▶ RECORDED DATA:
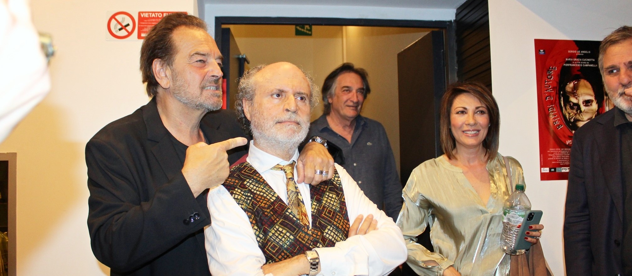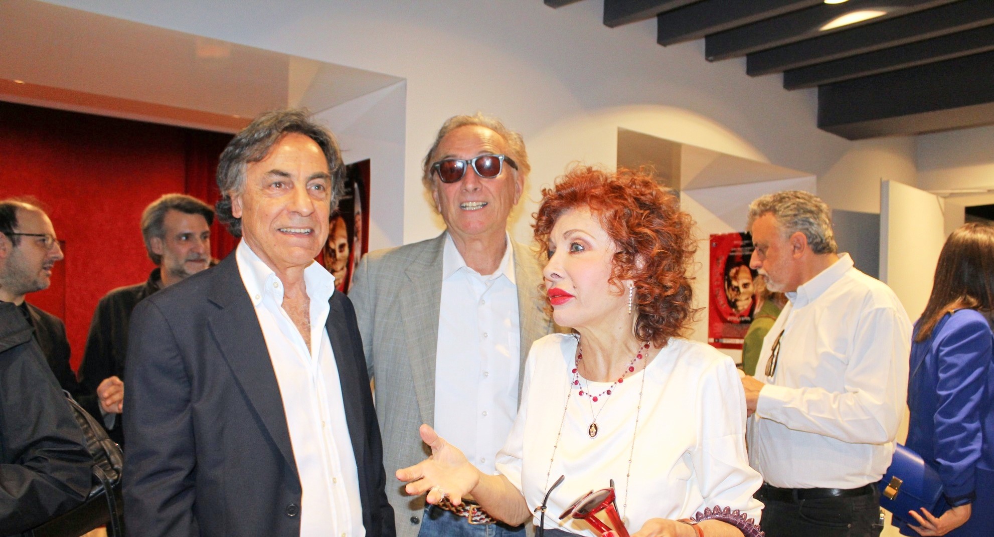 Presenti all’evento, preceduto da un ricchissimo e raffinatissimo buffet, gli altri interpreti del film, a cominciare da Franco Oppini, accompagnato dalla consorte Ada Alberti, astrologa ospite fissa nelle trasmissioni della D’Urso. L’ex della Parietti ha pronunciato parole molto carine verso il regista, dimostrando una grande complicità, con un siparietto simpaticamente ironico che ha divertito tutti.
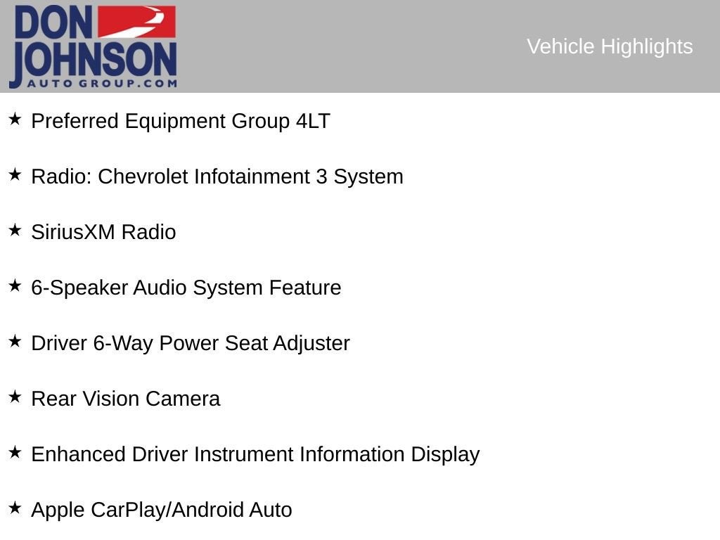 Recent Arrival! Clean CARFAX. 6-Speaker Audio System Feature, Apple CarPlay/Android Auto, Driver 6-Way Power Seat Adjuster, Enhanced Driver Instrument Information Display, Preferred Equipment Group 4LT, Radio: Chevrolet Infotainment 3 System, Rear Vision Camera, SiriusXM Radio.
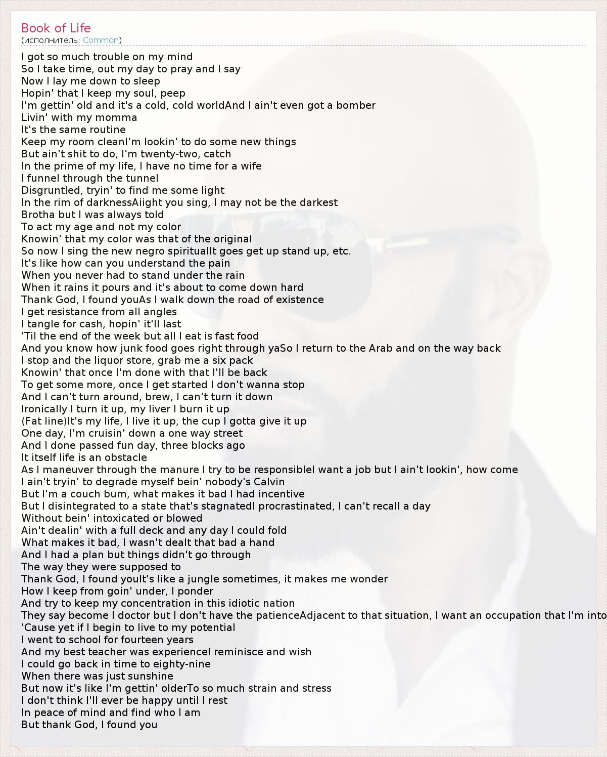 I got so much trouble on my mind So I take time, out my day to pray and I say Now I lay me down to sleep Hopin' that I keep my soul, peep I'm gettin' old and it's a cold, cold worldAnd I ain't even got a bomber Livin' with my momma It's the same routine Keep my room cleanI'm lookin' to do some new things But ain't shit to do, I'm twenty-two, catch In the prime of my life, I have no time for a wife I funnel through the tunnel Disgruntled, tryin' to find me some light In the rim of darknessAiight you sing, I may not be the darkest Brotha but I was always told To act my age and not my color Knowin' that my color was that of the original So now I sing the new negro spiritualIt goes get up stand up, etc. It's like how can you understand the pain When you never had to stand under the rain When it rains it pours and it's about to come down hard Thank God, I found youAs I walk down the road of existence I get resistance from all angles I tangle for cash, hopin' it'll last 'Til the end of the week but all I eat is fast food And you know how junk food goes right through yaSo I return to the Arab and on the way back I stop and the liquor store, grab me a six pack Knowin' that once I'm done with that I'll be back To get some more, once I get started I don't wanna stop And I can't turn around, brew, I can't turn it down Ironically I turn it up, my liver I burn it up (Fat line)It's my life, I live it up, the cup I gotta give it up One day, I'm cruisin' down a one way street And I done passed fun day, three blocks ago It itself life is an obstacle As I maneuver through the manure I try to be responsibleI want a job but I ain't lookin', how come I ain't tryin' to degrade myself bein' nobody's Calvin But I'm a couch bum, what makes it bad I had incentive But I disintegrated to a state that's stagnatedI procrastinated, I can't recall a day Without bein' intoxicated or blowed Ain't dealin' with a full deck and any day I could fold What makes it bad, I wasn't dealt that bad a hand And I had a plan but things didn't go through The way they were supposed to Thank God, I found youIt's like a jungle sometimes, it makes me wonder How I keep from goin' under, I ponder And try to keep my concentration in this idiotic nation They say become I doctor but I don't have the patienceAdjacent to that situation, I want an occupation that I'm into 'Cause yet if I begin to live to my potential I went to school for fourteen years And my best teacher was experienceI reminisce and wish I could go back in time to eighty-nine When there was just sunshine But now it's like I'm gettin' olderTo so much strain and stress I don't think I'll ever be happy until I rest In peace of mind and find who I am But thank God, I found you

▶ DIRECTIONS: Everything in the listing above must be restated word for word, except the images.

▶ ANSWER FOR THE TASK:
 Presenti all’evento, preceduto da un ricchissimo e raffinatissimo buffet, gli altri interpreti del film, a cominciare da Franco Oppini, accompagnato dalla consorte Ada Alberti, astrologa ospite fissa nelle trasmissioni della D’Urso. L’ex della Parietti ha pronunciato parole molto carine verso il regista, dimostrando una grande complicità, con un siparietto simpaticamente ironico che ha divertito tutti.
 Recent Arrival! Clean CARFAX. 6-Speaker Audio System Feature, Apple CarPlay/Android Auto, Driver 6-Way Power Seat Adjuster, Enhanced Driver Instrument Information Display, Preferred Equipment Group 4LT, Radio: Chevrolet Infotainment 3 System, Rear Vision Camera, SiriusXM Radio.
 I got so much trouble on my mind So I take time, out my day to pray and I say Now I lay me down to sleep Hopin' that I keep my soul, peep I'm gettin' old and it's a cold, cold worldAnd I ain't even got a bomber Livin' with my momma It's the same routine Keep my room cleanI'm lookin' to do some new things But ain't shit to do, I'm twenty-two, catch In the prime of my life, I have no time for a wife I funnel through the tunnel Disgruntled, tryin' to find me some light In the rim of darknessAiight you sing, I may not be the darkest Brotha but I was always told To act my age and not my color Knowin' that my color was that of the original So now I sing the new negro spiritualIt goes get up stand up, etc. It's like how can you understand the pain When you never had to stand under the rain When it rains it pours and it's about to come down hard Thank God, I found youAs I walk down the road of existence I get resistance from all angles I tangle for cash, hopin' it'll last 'Til the end of the week but all I eat is fast food And you know how junk food goes right through yaSo I return to the Arab and on the way back I stop and the liquor store, grab me a six pack Knowin' that once I'm done with that I'll be back To get some more, once I get started I don't wanna stop And I can't turn around, brew, I can't turn it down Ironically I turn it up, my liver I burn it up (Fat line)It's my life, I live it up, the cup I gotta give it up One day, I'm cruisin' down a one way street And I done passed fun day, three blocks ago It itself life is an obstacle As I maneuver through the manure I try to be responsibleI want a job but I ain't lookin', how come I ain't tryin' to degrade myself bein' nobody's Calvin But I'm a couch bum, what makes it bad I had incentive But I disintegrated to a state that's stagnatedI procrastinated, I can't recall a day Without bein' intoxicated or blowed Ain't dealin' with a full deck and any day I could fold What makes it bad, I wasn't dealt that bad a hand And I had a plan but things didn't go through The way they were supposed to Thank God, I found youIt's like a jungle sometimes, it makes me wonder How I keep from goin' under, I ponder And try to keep my concentration in this idiotic nation They say become I doctor but I don't have the patienceAdjacent to that situation, I want an occupation that I'm into 'Cause yet if I begin to live to my potential I went to school for fourteen years And my best teacher was experienceI reminisce and wish I could go back in time to eighty-nine When there was just sunshine But now it's like I'm gettin' olderTo so much strain and stress I don't think I'll ever be happy until I rest In peace of mind and find who I am But thank God, I found you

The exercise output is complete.